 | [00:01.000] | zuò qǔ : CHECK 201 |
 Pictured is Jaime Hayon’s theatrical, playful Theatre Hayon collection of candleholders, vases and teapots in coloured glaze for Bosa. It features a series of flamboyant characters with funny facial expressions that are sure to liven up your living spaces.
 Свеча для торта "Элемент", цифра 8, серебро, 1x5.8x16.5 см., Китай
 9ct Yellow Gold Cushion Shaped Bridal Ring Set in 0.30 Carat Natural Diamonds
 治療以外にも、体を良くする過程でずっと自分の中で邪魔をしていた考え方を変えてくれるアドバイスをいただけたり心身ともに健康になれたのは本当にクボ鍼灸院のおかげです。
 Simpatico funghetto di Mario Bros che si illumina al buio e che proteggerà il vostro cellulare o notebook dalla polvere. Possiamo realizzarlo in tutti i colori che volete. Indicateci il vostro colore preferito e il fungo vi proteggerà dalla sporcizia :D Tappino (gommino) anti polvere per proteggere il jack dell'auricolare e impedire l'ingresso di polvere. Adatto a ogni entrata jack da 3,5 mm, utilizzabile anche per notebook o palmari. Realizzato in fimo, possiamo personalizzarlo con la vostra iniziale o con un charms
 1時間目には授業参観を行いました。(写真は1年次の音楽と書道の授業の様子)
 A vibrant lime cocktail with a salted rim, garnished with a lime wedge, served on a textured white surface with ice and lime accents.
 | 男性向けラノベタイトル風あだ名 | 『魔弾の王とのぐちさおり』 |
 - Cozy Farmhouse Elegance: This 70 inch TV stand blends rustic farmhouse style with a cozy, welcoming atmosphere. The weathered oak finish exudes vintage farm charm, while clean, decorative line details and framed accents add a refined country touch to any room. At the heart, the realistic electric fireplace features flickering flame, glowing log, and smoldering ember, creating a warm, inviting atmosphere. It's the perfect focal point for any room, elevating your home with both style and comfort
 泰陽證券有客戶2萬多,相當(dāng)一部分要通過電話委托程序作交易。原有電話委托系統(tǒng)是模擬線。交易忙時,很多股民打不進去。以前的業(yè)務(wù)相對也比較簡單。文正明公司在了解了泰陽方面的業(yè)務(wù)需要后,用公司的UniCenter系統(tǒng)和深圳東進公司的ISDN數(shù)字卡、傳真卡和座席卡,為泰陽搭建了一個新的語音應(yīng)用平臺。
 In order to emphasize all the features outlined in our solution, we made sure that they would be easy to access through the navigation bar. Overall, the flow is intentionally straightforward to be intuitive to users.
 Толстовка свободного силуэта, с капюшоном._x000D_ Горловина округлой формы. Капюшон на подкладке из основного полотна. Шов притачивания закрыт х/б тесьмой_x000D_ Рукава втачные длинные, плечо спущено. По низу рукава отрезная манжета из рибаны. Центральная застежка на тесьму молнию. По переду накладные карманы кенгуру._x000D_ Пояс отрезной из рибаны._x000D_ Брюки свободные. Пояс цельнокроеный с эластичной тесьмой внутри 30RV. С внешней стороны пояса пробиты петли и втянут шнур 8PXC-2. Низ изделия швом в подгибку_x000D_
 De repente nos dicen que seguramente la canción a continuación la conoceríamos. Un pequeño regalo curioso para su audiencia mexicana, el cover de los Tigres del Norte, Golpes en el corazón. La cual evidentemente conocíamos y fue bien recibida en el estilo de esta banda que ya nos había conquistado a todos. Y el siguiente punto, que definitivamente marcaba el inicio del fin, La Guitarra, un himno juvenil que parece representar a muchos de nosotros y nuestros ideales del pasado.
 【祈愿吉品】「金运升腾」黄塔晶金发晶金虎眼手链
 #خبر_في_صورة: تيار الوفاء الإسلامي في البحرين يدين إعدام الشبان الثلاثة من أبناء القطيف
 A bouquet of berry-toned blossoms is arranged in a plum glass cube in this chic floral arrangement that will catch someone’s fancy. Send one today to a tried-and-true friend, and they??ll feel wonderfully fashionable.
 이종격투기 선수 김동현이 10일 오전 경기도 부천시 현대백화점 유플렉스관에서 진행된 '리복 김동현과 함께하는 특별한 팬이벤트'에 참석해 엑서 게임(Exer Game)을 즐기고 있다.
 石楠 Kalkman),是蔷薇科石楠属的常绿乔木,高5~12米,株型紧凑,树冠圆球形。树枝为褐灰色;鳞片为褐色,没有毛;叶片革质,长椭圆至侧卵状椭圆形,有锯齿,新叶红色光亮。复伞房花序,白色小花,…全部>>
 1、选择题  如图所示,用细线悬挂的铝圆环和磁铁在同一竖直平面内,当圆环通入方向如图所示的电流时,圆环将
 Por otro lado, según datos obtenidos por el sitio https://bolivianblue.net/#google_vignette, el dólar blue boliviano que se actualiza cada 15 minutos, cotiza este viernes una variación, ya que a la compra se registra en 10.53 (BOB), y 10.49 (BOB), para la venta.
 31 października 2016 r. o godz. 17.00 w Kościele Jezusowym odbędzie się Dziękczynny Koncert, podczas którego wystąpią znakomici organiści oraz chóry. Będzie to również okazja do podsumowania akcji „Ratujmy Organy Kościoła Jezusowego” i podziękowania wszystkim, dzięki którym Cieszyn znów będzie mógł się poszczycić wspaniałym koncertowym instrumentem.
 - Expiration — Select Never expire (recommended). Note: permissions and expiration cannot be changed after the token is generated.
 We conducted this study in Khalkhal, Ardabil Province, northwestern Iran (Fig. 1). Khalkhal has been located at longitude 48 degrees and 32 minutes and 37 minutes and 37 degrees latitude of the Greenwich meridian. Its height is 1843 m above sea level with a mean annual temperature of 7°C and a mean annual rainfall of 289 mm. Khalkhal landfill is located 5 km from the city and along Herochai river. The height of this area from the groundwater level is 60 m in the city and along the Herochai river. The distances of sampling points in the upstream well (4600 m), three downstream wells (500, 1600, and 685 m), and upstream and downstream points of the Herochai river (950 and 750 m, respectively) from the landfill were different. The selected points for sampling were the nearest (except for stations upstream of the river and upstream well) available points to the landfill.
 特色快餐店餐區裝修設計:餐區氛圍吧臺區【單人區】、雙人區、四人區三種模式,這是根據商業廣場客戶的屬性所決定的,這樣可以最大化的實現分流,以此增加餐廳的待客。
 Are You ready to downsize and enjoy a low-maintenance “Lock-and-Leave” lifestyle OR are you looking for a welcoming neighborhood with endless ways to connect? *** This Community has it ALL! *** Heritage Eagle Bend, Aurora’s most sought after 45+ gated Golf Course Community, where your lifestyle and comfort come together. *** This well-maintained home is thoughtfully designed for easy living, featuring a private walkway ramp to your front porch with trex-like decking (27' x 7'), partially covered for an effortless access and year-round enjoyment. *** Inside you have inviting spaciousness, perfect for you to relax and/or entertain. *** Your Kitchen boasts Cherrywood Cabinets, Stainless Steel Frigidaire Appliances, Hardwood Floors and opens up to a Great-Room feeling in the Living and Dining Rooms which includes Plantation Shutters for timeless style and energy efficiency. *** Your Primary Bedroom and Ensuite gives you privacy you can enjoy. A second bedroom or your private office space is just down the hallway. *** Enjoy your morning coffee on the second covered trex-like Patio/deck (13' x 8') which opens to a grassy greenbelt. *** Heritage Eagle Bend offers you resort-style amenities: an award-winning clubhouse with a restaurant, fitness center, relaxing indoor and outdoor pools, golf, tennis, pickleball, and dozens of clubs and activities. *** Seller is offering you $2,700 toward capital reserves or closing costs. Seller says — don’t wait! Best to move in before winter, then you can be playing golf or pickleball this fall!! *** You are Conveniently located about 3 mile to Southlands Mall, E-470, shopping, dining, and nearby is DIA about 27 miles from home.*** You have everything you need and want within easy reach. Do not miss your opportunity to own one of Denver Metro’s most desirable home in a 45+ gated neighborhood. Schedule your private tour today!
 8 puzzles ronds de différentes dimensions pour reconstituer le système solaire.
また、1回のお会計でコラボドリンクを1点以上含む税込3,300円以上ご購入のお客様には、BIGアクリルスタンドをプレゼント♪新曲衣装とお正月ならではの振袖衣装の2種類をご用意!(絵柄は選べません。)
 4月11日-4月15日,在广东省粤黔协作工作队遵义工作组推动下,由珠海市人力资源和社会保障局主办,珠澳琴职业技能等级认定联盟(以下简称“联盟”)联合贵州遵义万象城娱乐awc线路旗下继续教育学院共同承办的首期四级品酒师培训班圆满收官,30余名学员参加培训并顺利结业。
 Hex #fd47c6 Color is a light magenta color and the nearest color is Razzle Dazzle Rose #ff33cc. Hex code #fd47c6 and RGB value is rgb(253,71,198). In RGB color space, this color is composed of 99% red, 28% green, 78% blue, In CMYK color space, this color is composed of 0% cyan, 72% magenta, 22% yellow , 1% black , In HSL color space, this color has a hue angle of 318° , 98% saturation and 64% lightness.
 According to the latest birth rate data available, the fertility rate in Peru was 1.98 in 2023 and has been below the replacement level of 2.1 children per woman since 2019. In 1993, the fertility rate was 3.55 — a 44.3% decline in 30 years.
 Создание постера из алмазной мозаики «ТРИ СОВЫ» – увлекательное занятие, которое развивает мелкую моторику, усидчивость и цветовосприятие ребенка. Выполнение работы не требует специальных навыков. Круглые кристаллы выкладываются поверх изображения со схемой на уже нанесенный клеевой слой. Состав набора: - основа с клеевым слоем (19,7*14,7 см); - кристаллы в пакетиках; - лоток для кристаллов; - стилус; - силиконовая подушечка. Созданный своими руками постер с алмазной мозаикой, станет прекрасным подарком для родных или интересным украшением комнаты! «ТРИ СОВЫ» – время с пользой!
+---+
BRIEF — Reproduce verbatim only the segment of the listing bounded by the line containing "A vibrant lime" and the line containing "In order to", with both boundary lines included.

EXERCISE RESPONSE —
 A vibrant lime cocktail with a salted rim, garnished with a lime wedge, served on a textured white surface with ice and lime accents.
 | 男性向けラノベタイトル風あだ名 | 『魔弾の王とのぐちさおり』 |
 - Cozy Farmhouse Elegance: This 70 inch TV stand blends rustic farmhouse style with a cozy, welcoming atmosphere. The weathered oak finish exudes vintage farm charm, while clean, decorative line details and framed accents add a refined country touch to any room. At the heart, the realistic electric fireplace features flickering flame, glowing log, and smoldering ember, creating a warm, inviting atmosphere. It's the perfect focal point for any room, elevating your home with both style and comfort
 泰陽證券有客戶2萬多,相當(dāng)一部分要通過電話委托程序作交易。原有電話委托系統(tǒng)是模擬線。交易忙時,很多股民打不進去。以前的業(yè)務(wù)相對也比較簡單。文正明公司在了解了泰陽方面的業(yè)務(wù)需要后,用公司的UniCenter系統(tǒng)和深圳東進公司的ISDN數(shù)字卡、傳真卡和座席卡,為泰陽搭建了一個新的語音應(yīng)用平臺。
 In order to emphasize all the features outlined in our solution, we made sure that they would be easy to access through the navigation bar. Overall, the flow is intentionally straightforward to be intuitive to users.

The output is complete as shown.